Friday, August 12, 2005

Lausanne Issue Group on Postmodern and Alternative Spiritualiites

I have followed and appreciated the work of the Lausanne Committee for World Evangelization for many years. Lausanne is an organization comprised of international network of missions organizations, missionaries, theologians, and others working together to address key challenges in the global missions task. I was especially interested in a paper produced in 1980 by a Lausanne issue group that addressed "mystics and cultists". One of the insights of this paper was that mystics and cultists warrante the classification as unreached people groups. Following the work of Ralph Winter, many in the missions community have recognized that Christ's Great Commission command was not merely to reach the nations in terms of geographical or geopolitical boundaries, but rather, to reach the ethne or people groups of the world. This necessitates an understanding of various sub-cultures where people identify with each other based upon not only a shared geographical living space and language, but also other aspects of culture, such as worldview, religious or spiritual practices, unique terminology, perceptions of reality and spirituality, and other cultural identifiers and boundary markers.

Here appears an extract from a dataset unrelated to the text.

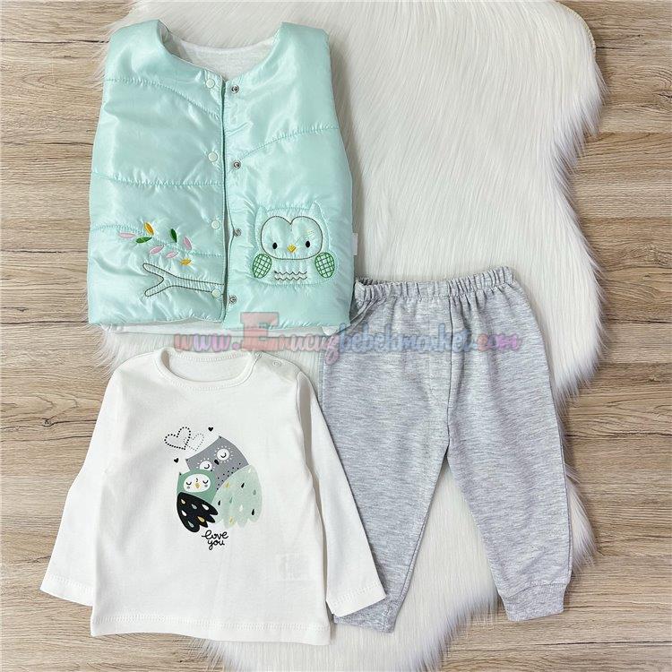 Baby 6-24 Ay Baykuş Detaylı Şişme Yelekli Bebek Takım Mint Yeşili

Evangelicals have readily recognized the people groups and unreached peoples of the world religions such as Buddhism, Hinduism, and Islam, and even tribal cultures, but have not so readily recognized that the new religions and alternative spiritualities should be similarly understood. This shortcoming surfaced in the 1980 Lausanne paper, in that while it classified mystics and cultists as unreached peoples, the issue group did not draw upon cross-cultural missions principles available at the time in order to apply them to these groups. And while Lausanne recognized the missions implications of new religions as far back as 1980, very few evangelicals ministering in this area followed Lausanne's lead, or worked to develop and impliment missions approaches to these groups. Indeed, in the counter-cult community in the U.S., although there has been some discussion of missions to new religions, and even those in this movement who would consider themselves missionaries to "the cults", they have really been engaged in defensive apologetic approaches rather than cross-cultural missions methodologies.

I have been in contact with Lausanne for several years, and in 2003 was asked to participate in a Theology and Strategy working group meeting in southern California. This group was fine-tuning the issue group needs and subjects for the 2004 international Lausanne gethering meeting in Thailand. Eventually I submitted my application for the 2004 gathering and participated in Issue Group 16 addressing postmodern and alternative spiritualities. Our group met in Pattaya in October of 2004, and we produced one of the more extensive and "boundary pushing" papers. We began with the insights of the 1980 issue group and paper, and then moved to addressing its shortcomings, and then discussed incarnational missions strategy and how it should be applied to new religions (moving beyond counter-cult heresy refutation approaches), which was demonstrated in a handful of case studies. The paper also includes a significant bibliography, and recommendations to various segments of evangelicalism.

It was a privilege to work with this issue group, and to gain an international perspective on alternative spiritualities. We are currently planning a mini-consultation in Hong Kong for 2006. Those interested in postmodern spirituality in the West will be interested in our issue group paper. It is available on the Lausanne website (the link is included in the sidebar of this Blog. A 90-page paperback copy in book(let) form is also available. Contact me for more information if interested.

As we reflect on the gap in missional thinking and activity in regard to alternative spiritualities between 1980 and 2004, what might our missions efforts look like 20 years from now (should the Lord tarry) if we reflect on and apply the insights of incarnational missions in 2005?